Friday, July 9, 2010

Morning Update/ Market Thread 7/9

Good Morning,

Equity futures are roughly flat this morning, the dollar is higher, gold is higher, and bonds are flat.

The only economic report today is wholesale trade which is released at 10 Eastern.

Yesterday chain store sales came in weak and Consumer Credit came in much lower than expectations for May with a very large revision lower for April. Here’s Econoday:
Consumer credit contracted a sharp $9.1 billion in May with April revised to show an even more severe $14.9 billion contraction. The April revision is very surprising given the initial reading of a $1.0 billion gain!

Revolving credit contracted $7.4 billion in May and contracted $8.3 billion in April. Non-revolving credit shows a $1.8 billion contraction in May on top of a $6.5 billion contraction in April. Neither category is likely to show much improvement in June given indications from today's soft store sales report and last week's soft unit vehicle sales.

Consumer credit had been leveling earlier this year but now appears to be on a double dip. This report could set stocks in reverse during the last hour of trading.

Everyone keeps talking about that “double dip,” but where is it? Take a look at that chart, there was no rebound in Consumer Credit. Nice revision by the way.

Interestingly in Canada their latest jobs report showed that 93,000 jobs were created last month, five times more than was expected. This is bringing about speculation that Canada may have to raise rates. That would set up an interesting dynamic that would likely strengthen the Canadian dollar. It’s also an enigma as Canada is sitting on a housing bubble that appears to just now be beginning to burst (Vancouver’s home sales just plummeted 30%), but their federal government is in a much better position debt wise than most of the other western countries. If they can refrain from bailing out the banks and mortgages, they will fare far better.

Yesterday’s move higher seems to confirm Wednesday’s 90% romp, that continues to give the Bulls confidence. But the wave count seems to suggest that yesterday’s sideways move during the day was a wave 4 movement with the late day rally being all or part of wave 5. If that’s the case, then it’s likely that wave 3 of 3 will begin early next week and we should see this wave 2 movement wrap up soon as we have now retraced roughly 50% of the prior wave. It is possible that we retrace up to the 61.8% mark, and it’s also possible that this wave is just wave a of and a,b,c for wave 2. We won’t know for sure until we break below the bottom wedge boundary you can see on this 20 minute chart of the SPX below:

Also note that the gaps have not filled entirely yet, so there may be a little bit more to go on the upside before the next pullback begins. Gaps are like a vacuum, and nature works diligently to fill voids – think of them like low pressure areas, and like all things in nature that flow, prices also seek the path of least resistance flowing from high pressure to low.

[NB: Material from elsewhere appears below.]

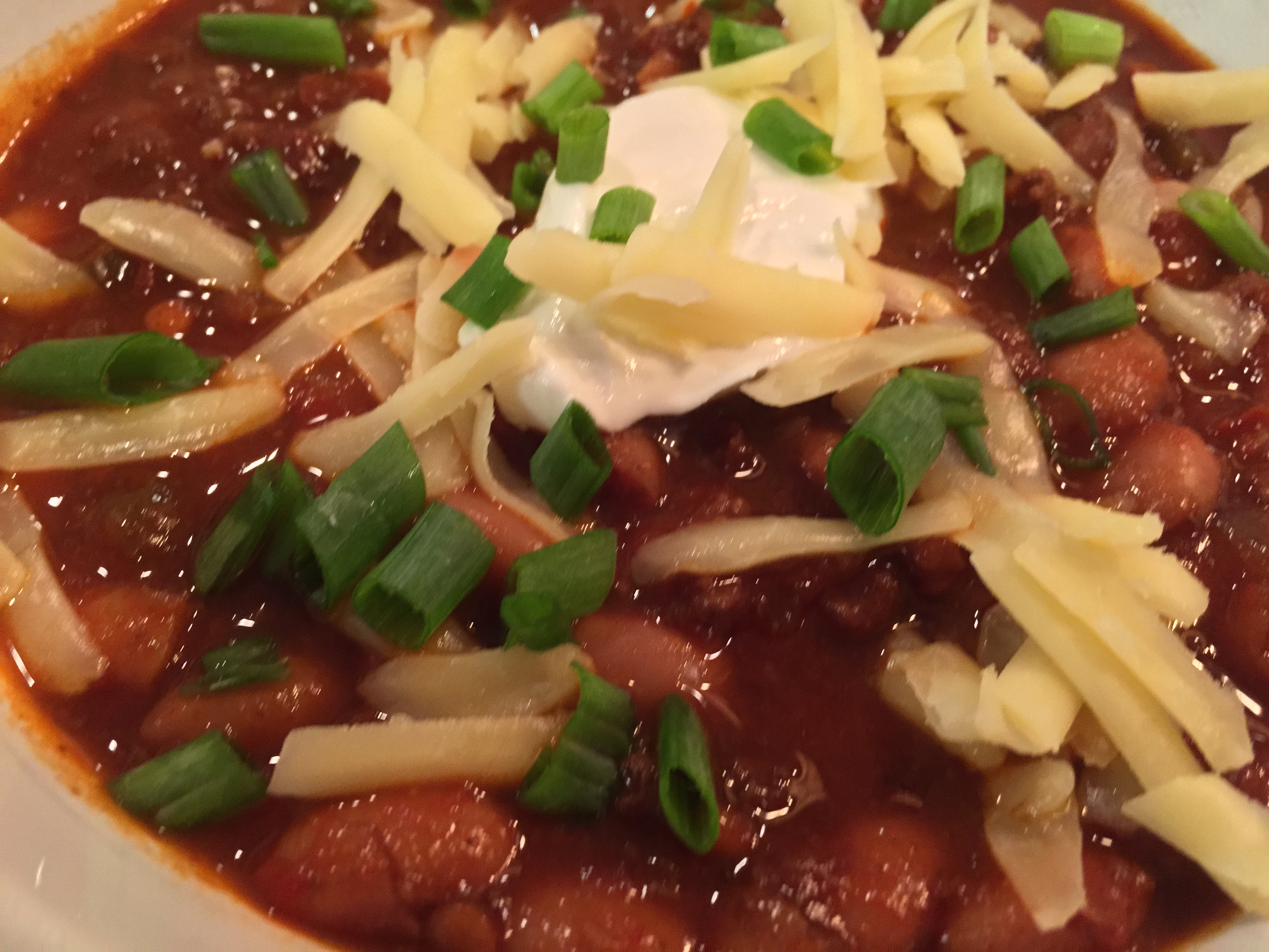 I really like chili and I really enjoy making it a couple times each year during the cool and cold weather months. I love the spiciness of it and I love the fact that you can add a bit of this and a bit of that. Many people prefer their chili simply cooked with dried spices, dried chili pepper powder, and ground beef. Living in Texas for some time, I became well acquainted with this approach and while I like it, I don’t love it. I much prefer beans in my chili and I certainly like the taste and health benefits they bring. The beans, coupled with vegetables such as onions, bell peppers, and tomatoes make chili better for you and certainly more filling. I typically couple the chili with corn bread and a small salad or some sort. I almost always garnish with some grated cheddar cheese, chopped green onions, sour cream, and sometimes cilantro (though I didn’t use cilantro as a garnish here).

As I looked around the charts last night I noticed that there were many hammers around. The one on the XLF is very prominent and prices this morning are having difficulty getting over it. If prices fail to close over that hammer today, it may be a valid reversal indicator. Below is a 3 month daily chart of the XLF:

Thank you to everyone who kept the daily thread going yesterday, I appreciate it!